Часть 39 из 51 В начало
Для доступа к библиотеке пройдите авторизацию
— Мои коллеги. Уже бывшие. Со вчерашнего дня меня выперли из службы безопасности.
Задержанных люди в черном строили вдоль старой кирпичной стены кладбища. Крюкова и Чапаева также подняли из их убежища и отвели к остальным.
— Расстрел коммунаров у одноименной стены на кладбище Пер-Ляшез, — прокомментировал событие Крюков, получил прикладом по хребту и присоединился к толпе арестантов.
Многие его узнали, поэтому он предпочел примкнуть к группе бормановских быков. Эти встретили сыщика возгласами приветствия. От бойцов же Расула можно было и заточку в бок получить.
Предводителей обеих группировок отвели в сторону. И Борман, и Расул были бледны. Они понимали, что только чудом избежали верной смерти. Сейчас каждый из них лихорадочно обдумывал последствия случившегося и прикидывал варианты своего дальнейшего поведения. Расул старался держаться молодцом, считая, что полковник Сидоров на его стороне, Борман же определенно впал в состояние тихой паники.
Бойня продолжалась на улицах города. Постепенно выстрелы стихли в отдалении. Судя по всему, часть быков, окруженных сводными силами ОМОНа и «Ягуара», сумела прорвать кольцо и вырваться.
Чапаев подмигнул Крюкову.
— Пора выходить на свободу.
Он подозвал ближайшего милиционера, сказал ему пару слов. Тот вывел участкового из толпы задержанных и повел к начальству. У толстого полковника с Чапаевым завязался оживленный разговор. Участковый что-то ему доказывал, тыча пальнем в сторону Крюкова, но начальник в ответ только отрицательно мотал головой. Наконец Чапаев плюнул, повернулся к Крюкову и развел руками. Ничего, дескать, не получается, начальник не отпускает. При этом он подмигнул сыщику, давая ему понять, что попыток его освобождения прекращать не собирается.
Задержанных загрузили в большой автобус и повезли в городское управление милиции.
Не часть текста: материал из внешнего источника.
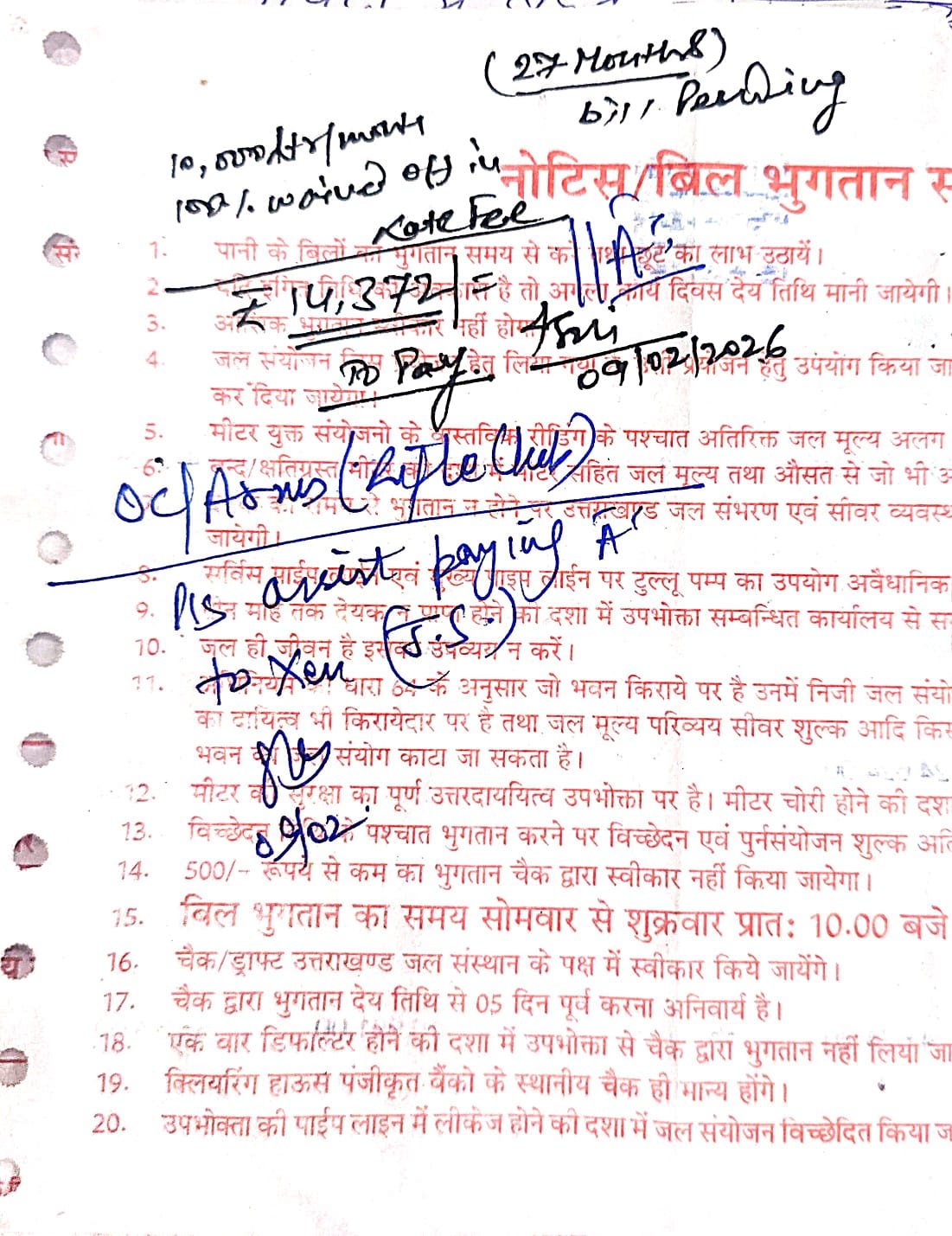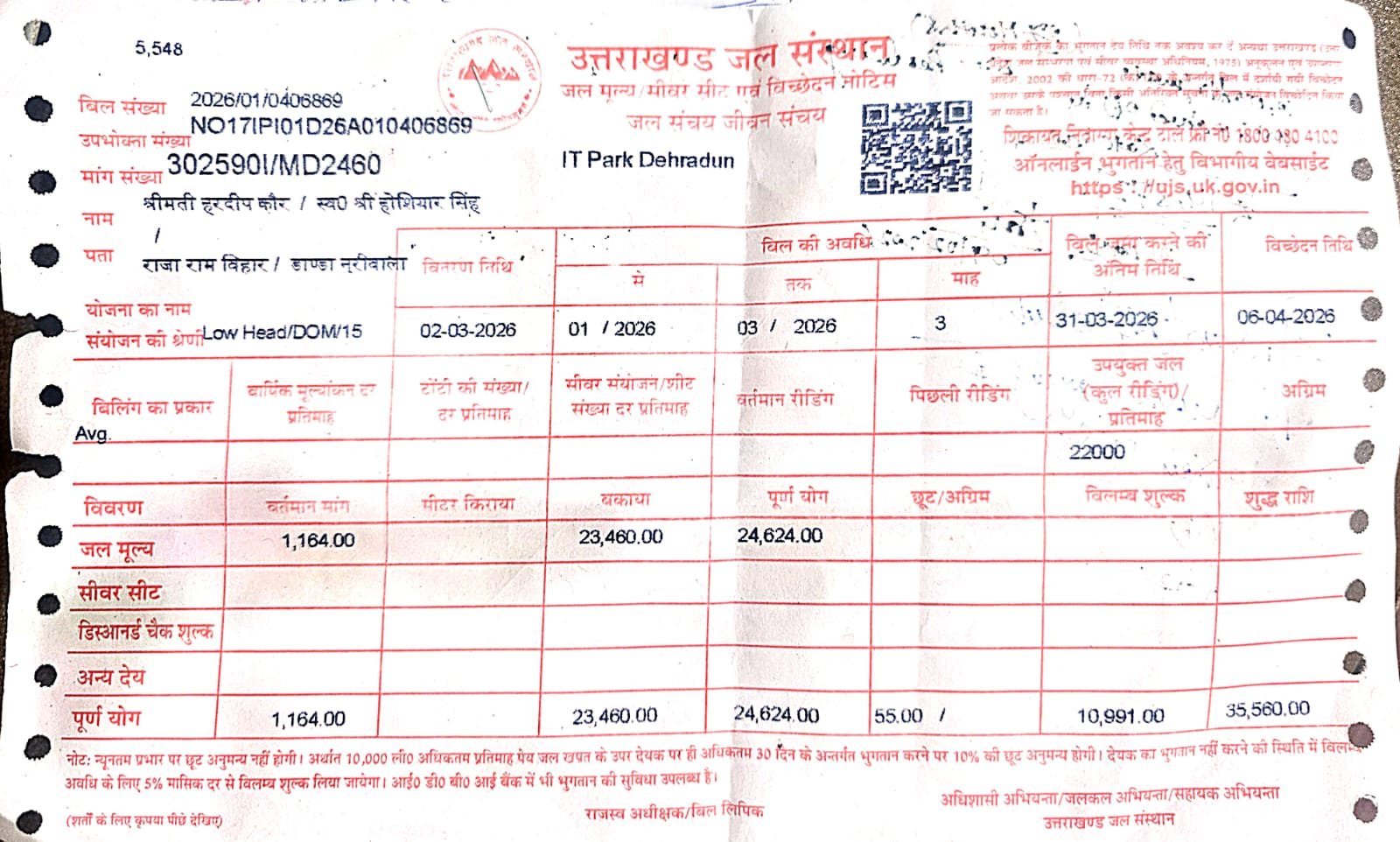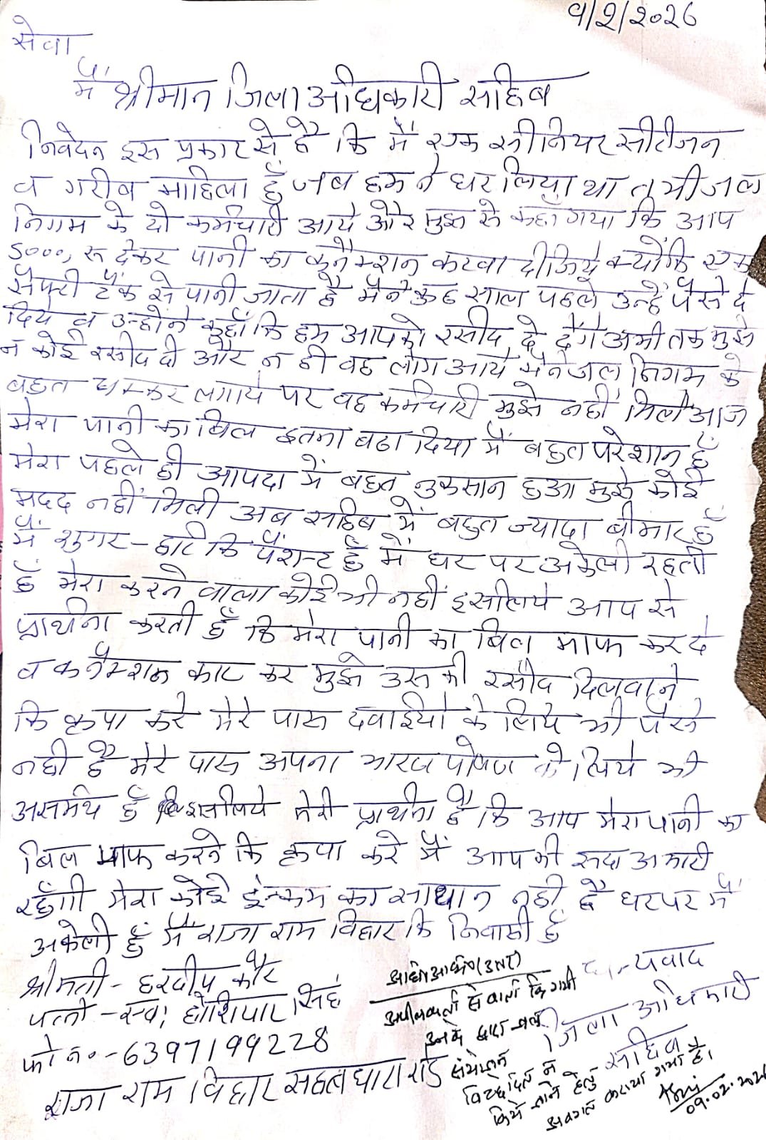 देहरादून दिनांक 10 फरवरी 2026 (सूवि) प्रत्येक सोमवार कलेक्टेªट सभागार में जिलाधिकारी सविन बंसल की अध्यक्षता में आयोजित होने वाले जनता दर्शन कार्यक्रम बड़ी संख्या में फरियादी अपनी शिकायतों के निस्तारण हेतु उपस्थित हो रहे हैं तथा फरियादियों की समस्याओं का त्वरित निस्तारण होने से सरकार तथा जिला प्रशासन की कार्यशैली पर जनमानस का भरोसा बढा है। विगत जनता दर्शन कार्यक्रम में सहस्त्रधारा निवासी बुजुर्ग महिला हरदीप कौर ने अपनी व्यथा सुनाते हुए जिलाधिकारी को बताया कि उनका पेयजल बिल 35,000 आ गया है, जिसे वह भरने में असमर्थ हैं। उन्होंने बताया कि वह घर में अकेली रहती हैं, आय का कोई स्थायी साधन नहीं है तथा अक्सर बीमार रहती हैं।

Выезжая с кладбища, Крюков был поражен огромным количеством машин с красным крестом, буквально запрудившим соседние улицы. Видно, побоище возле кладбища было до безобразия кровопролитным.
Теперь Крюкову стал понятен смысл событий последних дней. Сначала был спровоцирован конфликт между враждующими группировками Бормана и Расула. И он принял в нем живейшее участие. Затем правоохранительными органами был наведен порядок. В течение получаса город Приокск и его окрестности перешли во владение полковника Сидорова и его нового союзника — депутата Карпушкина. Сейчас совместными усилиями они добивали разрозненные и деморализованные остатки группировок Расула и Бормана, и лишь случай — в лице Крюкова — спас жизнь самим авторитетам и их ближайшему окружению.
И только сейчас капитан понял истинную роль в этих событиях красавчика Яго. Будучи штатным стукачом Сидорова, он стал связным между ним и депутатом. А наивный Крюков еще и подбросил ему информацию о Лосе. Впрочем, он и сам узнал от него кое-что интересное.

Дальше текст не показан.